MacDonald’s speech carried a warning message, as she recognized the context under which she was addressing her diverse audience. To validate her claims, she pointed to her long-time residency in New York City and thorough study of police community meetings in areas such as the South Bronx and Harlem. Like most apologists, her claims seemed to be well-researched—almost always carrying the tinsel of statistics—but the basic logic she used was intrinsically wrong. Furthermore, she characterized incidents of police brutality as tragic “mistakes” on the part of individual officers and not a reflection of a greater systemic problem within the American police forces.

Among the students voicing dissent, Anthony Jackson ’15 countered that his problem lay “when you assume I am going to commit a crime,” based on his race. Jackson went on to compare how crimes such as domestic abuse and fraud do not have associated policies such as stop-and-frisk, noting that many or most perpetrators of these crimes are white. MacDonald at first held her composure, and offered imaginative regurgitations of the same logic and statistics, but by the end of the lecture, an awkward mood engulfed the room as MacDonald relied increasingly on conservative rhetorical tools to proffer an answer.

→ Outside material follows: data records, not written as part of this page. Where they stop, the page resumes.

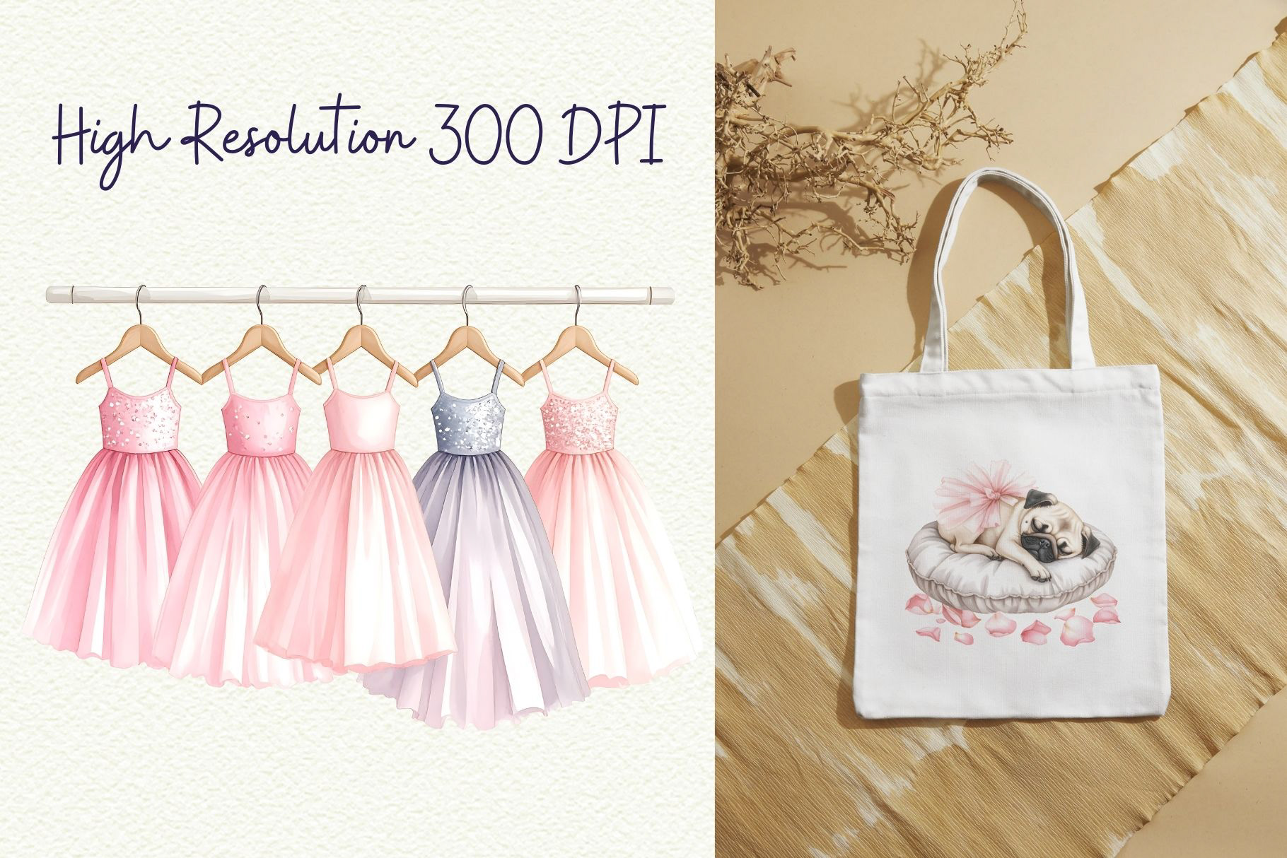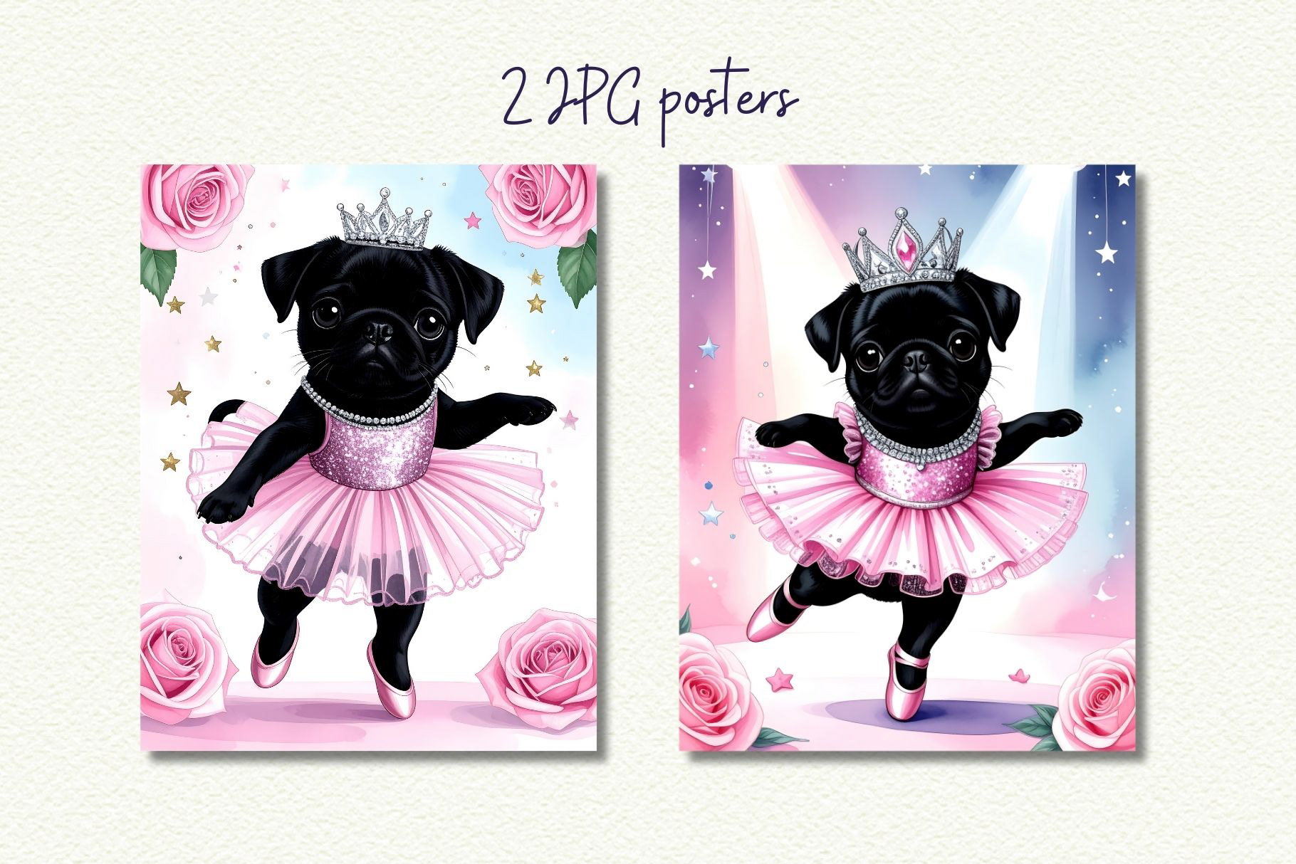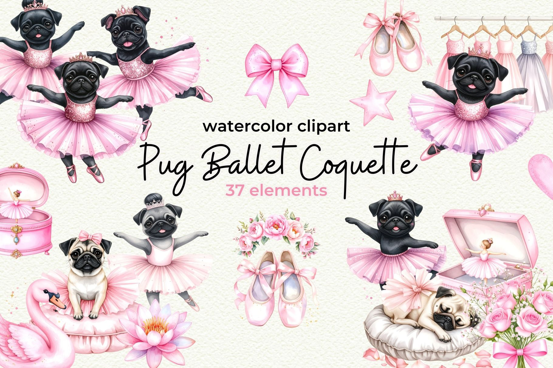 Bring sweetness and charm to your designs with this Pug Ballet Coquette Clipart Set. Featuring darling watercolor illustrations of a pug ballerina in pink tutus, satin bows, and dainty ballet shoes, this set is perfect for creating baby girl nursery wall art, invitations, and girly party decor. Soft pastel tones and coquette details make these illustrations timelessly cute and elegant.
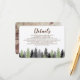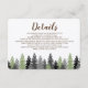 Cette carte de détails pour une faire-part de mariage présente un design à feuillage persistant de pin forestier et un panneau en bois rustique. Personnalisez avec vos informations d'événement pour créer une invitation de nature à impressionner vos invités.
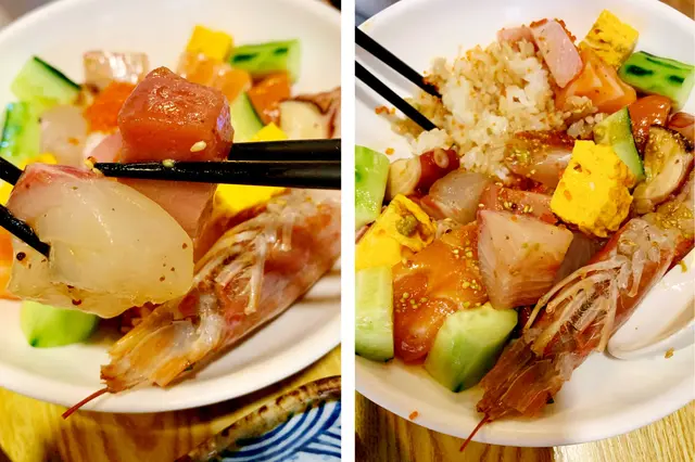 通常呢個價錢嘅雜錦魚生丼飯,都預咗係角切魚生。嚟到反而有驚喜,雖然望落都係角切魚生,但係好大粒,我覺得其實係厚切粒狀,並唔係切剩刺身嘅頭頭尾尾,三文魚、鱆紅魚肥美、仲有八爪魚、赤海老、蟹籽、玉子同青瓜,份量多,食完飯啲魚生要空口食。如果再想要多啲飯,係可以向店員加嘅。每樣都好新鮮,呢個價錢非常抵食。
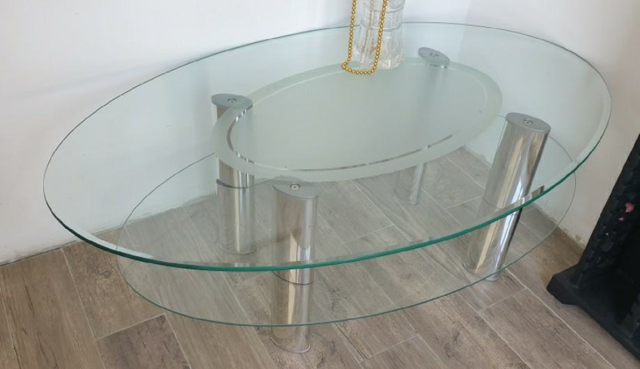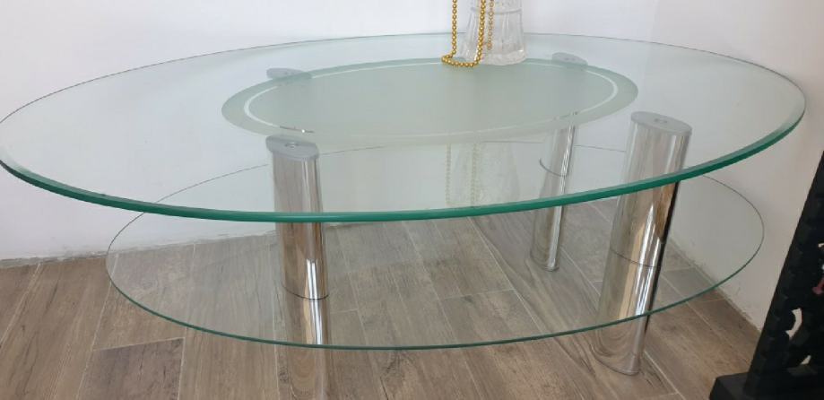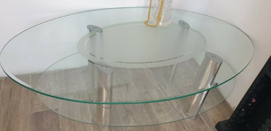 Staklo kao novo,noge krom,duzina 115 cm,sirok 70 cm,v 43 cm,zahvaljujući dizajnu na 2 razine stabilan i pruza dodatni prostor
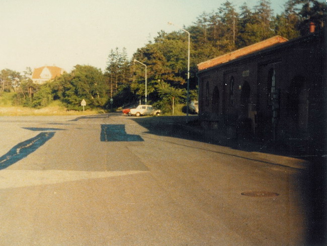 [Bild 5] Bild i motsatt riktning igen, det röda huset i förra bilden ligger ungefär precis bakom träden längst bort på vänster sida. Tegelhuset på höger sida var bränsle/oljedepå för båtarna. Till höger bakom detta låg maskinhallen.
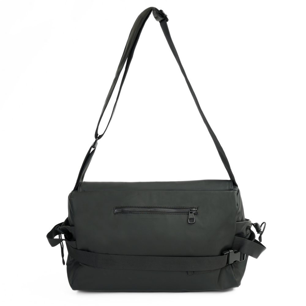 Pod klapą torby znajduje się bezpieczna, zamykana na zamek główna komora, która z łatwością pomieści wszystko, co najważniejsze – od laptopa, przez dokumenty, aż po akcesoria codziennego użytku. Wewnątrz znajdziesz dodatkową kieszeń na suwak oraz praktyczne przegrody pomagające utrzymać porządek.
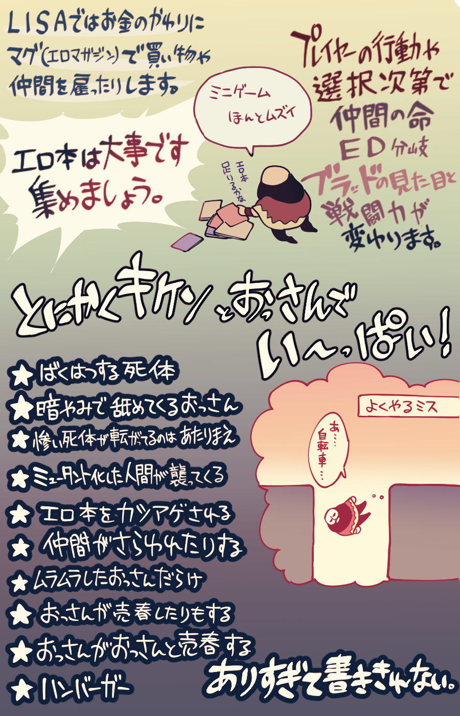 ンォヒーッ ノラサメくんさんのツイート Lisa The Painful というゲームの紹介を描きました おおまかに描いたので詳しいお話やおっさん達は是非本編で 主人公ブラッドの愛と凶暴さとその他愉快なおっさん達を堪能してほしい
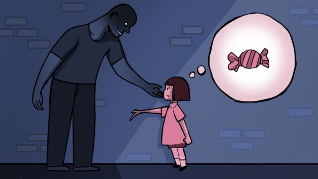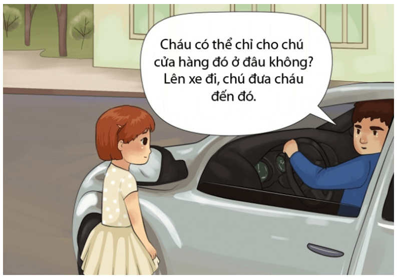 - Bạn nhỏ trong bức tranh minh họa có nguy cơ phải đối mặt với tình huống bắt cóc (bức tranh miêu tả: một người đàn ông lạ mặt đang dụ dỗ bạn nhỏ lên xe để chở tới một cửa hàng nào đó).
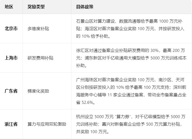 为鼓励合规备案,全国各省市推出差异化激励措施,形成 “政策红利矩阵”:
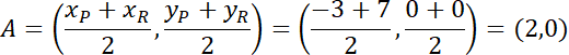 Na koniec oblicz współrzędne punktu przecięcia przekątnych prostokąta PQRS. Zauważ, że jest on środkiem odcinka PR.
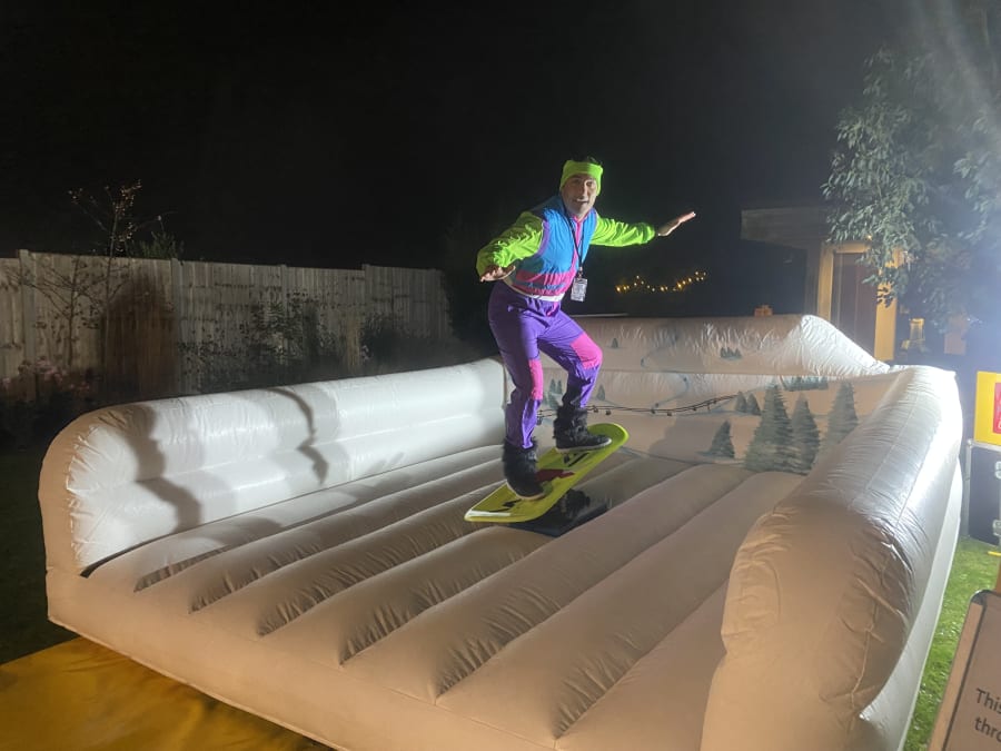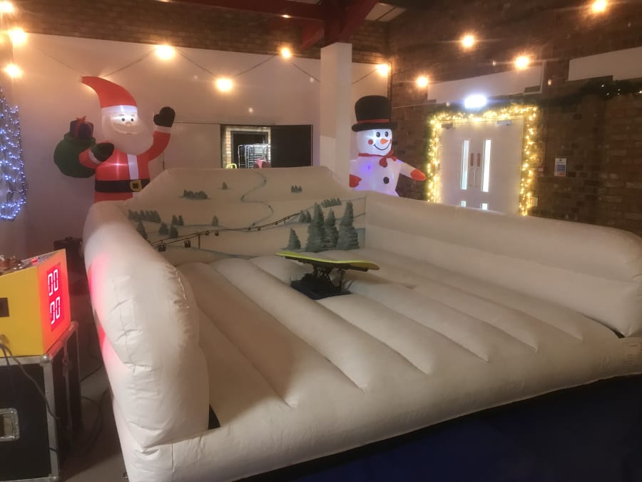 When you book the Snowboard Simulator with us you will get, a trained operator for the machine, all safety mats that are required, lighting for the ride, and an inflatable shelter if needed.
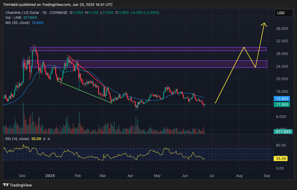 儘管如此,從技術面來看,Chainlink 的 RSI(相對強弱指標)目前徘徊在 35 附近,顯示近期拋壓已使 LINK 價格被大幅低估。這類低位區常被視為「抄底吸籌區間」,不少交易者正伺機撿便宜、提前卡位。

As a solution, MacDonald proposed that America should “re-constitute the family,” pointing to single-mothers and fatherlessness as the leading cause to the prevalence of crime in the black community. While I fully recognize that two loving parents are better than one, there is nothing in a father that makes him intrinsically a better parent than a mother. In fact, recent studies suggest that gay-and-lesbian couples may make even better parents than MacDonald’s traditional mom-and-dad power couple.

Worse of all, MacDonald’s solution feeds into the vitriolic cycle that is common in right-wing thought processes: a loss of morality on our part results in tangible physical costs, and the only solution is to go on a nostalgic gallop down memory lane and emulate our more righteous predecessors. From teen pregnancy to AIDS prevention, it seems that morals have been the perennial solution to the problems that the Right inherently cannot cope with. Much like the cure to teen pregnancy does not lie in fear of damnation, but in free condoms distributed by schools, the cure to black-on-black crime is not injecting men into single-mother households. Rather, we must see black-on-black crime as the result of a socioeconomic system that disproportionately affects people of color. While having a single mother is a factor of crime, the most impactful motive for crime is poverty. If you are poor and uneducated, you will more readily join a gang than will the daughter of Lorelai Gilmore, no matter how many parents you have.

Police brutality is a reality we must face, and the lack of accountability regarding the police’s use of force should be a worry to us all, even if MacDonald failed to address how these fatal “mistakes” should be resolved. But in a political climate which strings away from cordial disagreement and towards incisive and divisive shouting matches, we should be wary of inviting such polarizing speakers without providing a suitable medium for people to voice their criticism, such as a subsequent panel to discuss the issues raised by the lecture. We should strive towards creating dialogues where both opposing views have an equal voice. There is plenty to learn from the American Right, but only debate, discussion and conversation can dissolve that quagmire that sits on the road to greater understanding and equality. If we are to go down nostalgia highway, let it not be to salvage outdated ideologies, but to remember the eloquence and civility of Christopher Hitchens and William F. Buckley: we could chuckle away our political differences and come out knowing more about the other side, leading to understanding and, hopefully, progress.